*PROBLEM*:
Once you find the line with "Beautiful original oil" in the listing below, set down exactly every line from it through the line with "Στην ίδια δημοσκόπηση", but no pictures.

*STUDY MATERIAL*:

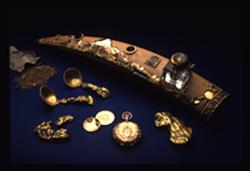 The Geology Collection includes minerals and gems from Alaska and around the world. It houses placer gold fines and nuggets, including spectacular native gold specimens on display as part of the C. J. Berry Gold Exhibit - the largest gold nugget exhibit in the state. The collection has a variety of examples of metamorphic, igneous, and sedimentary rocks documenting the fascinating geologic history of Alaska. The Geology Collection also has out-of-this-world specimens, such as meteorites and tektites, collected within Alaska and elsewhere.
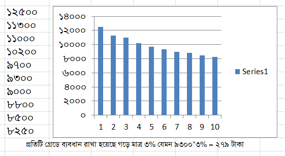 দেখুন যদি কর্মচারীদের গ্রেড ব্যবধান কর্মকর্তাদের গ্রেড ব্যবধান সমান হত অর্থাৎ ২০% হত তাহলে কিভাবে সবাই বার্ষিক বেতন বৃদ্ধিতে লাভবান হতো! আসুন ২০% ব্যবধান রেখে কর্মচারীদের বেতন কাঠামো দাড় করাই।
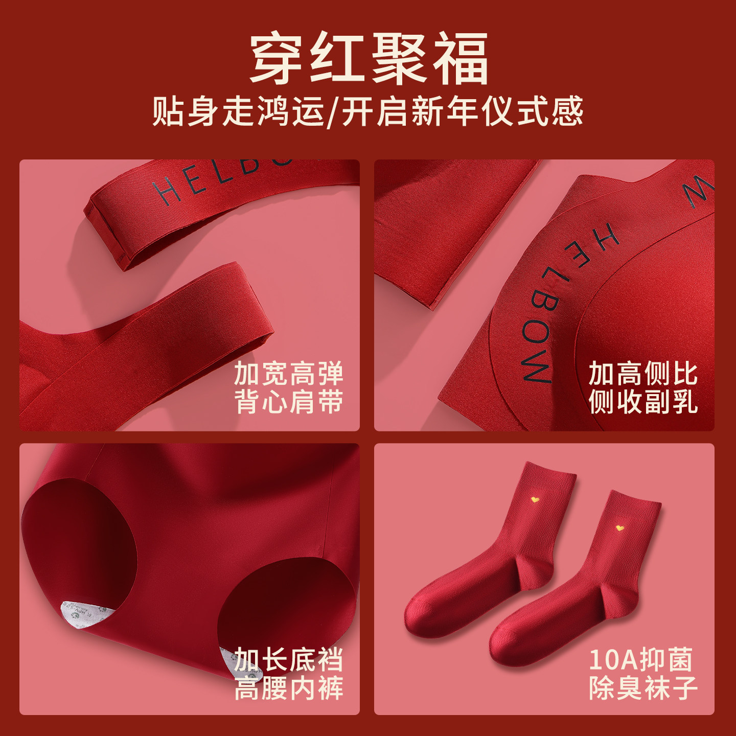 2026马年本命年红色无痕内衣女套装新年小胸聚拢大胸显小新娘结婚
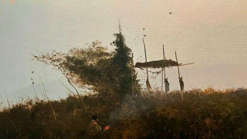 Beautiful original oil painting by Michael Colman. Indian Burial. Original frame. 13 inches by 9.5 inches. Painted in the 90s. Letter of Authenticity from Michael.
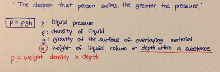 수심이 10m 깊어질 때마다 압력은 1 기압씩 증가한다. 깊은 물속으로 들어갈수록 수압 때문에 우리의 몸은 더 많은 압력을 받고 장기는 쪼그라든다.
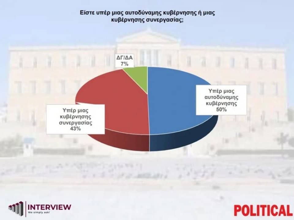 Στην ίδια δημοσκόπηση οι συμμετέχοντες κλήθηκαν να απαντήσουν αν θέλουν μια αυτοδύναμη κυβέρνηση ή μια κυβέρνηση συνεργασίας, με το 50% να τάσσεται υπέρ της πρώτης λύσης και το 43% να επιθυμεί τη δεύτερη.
...
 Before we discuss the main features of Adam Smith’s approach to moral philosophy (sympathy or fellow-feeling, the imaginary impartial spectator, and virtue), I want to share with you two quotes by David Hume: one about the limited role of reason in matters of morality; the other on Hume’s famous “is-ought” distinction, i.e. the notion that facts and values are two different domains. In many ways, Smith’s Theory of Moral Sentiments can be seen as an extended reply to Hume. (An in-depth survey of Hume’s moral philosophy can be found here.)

*SOLUTION FOR THIS TASK*:
 Beautiful original oil painting by Michael Colman. Indian Burial. Original frame. 13 inches by 9.5 inches. Painted in the 90s. Letter of Authenticity from Michael.
 수심이 10m 깊어질 때마다 압력은 1 기압씩 증가한다. 깊은 물속으로 들어갈수록 수압 때문에 우리의 몸은 더 많은 압력을 받고 장기는 쪼그라든다.
 Στην ίδια δημοσκόπηση οι συμμετέχοντες κλήθηκαν να απαντήσουν αν θέλουν μια αυτοδύναμη κυβέρνηση ή μια κυβέρνηση συνεργασίας, με το 50% να τάσσεται υπέρ της πρώτης λύσης και το 43% να επιθυμεί τη δεύτερη.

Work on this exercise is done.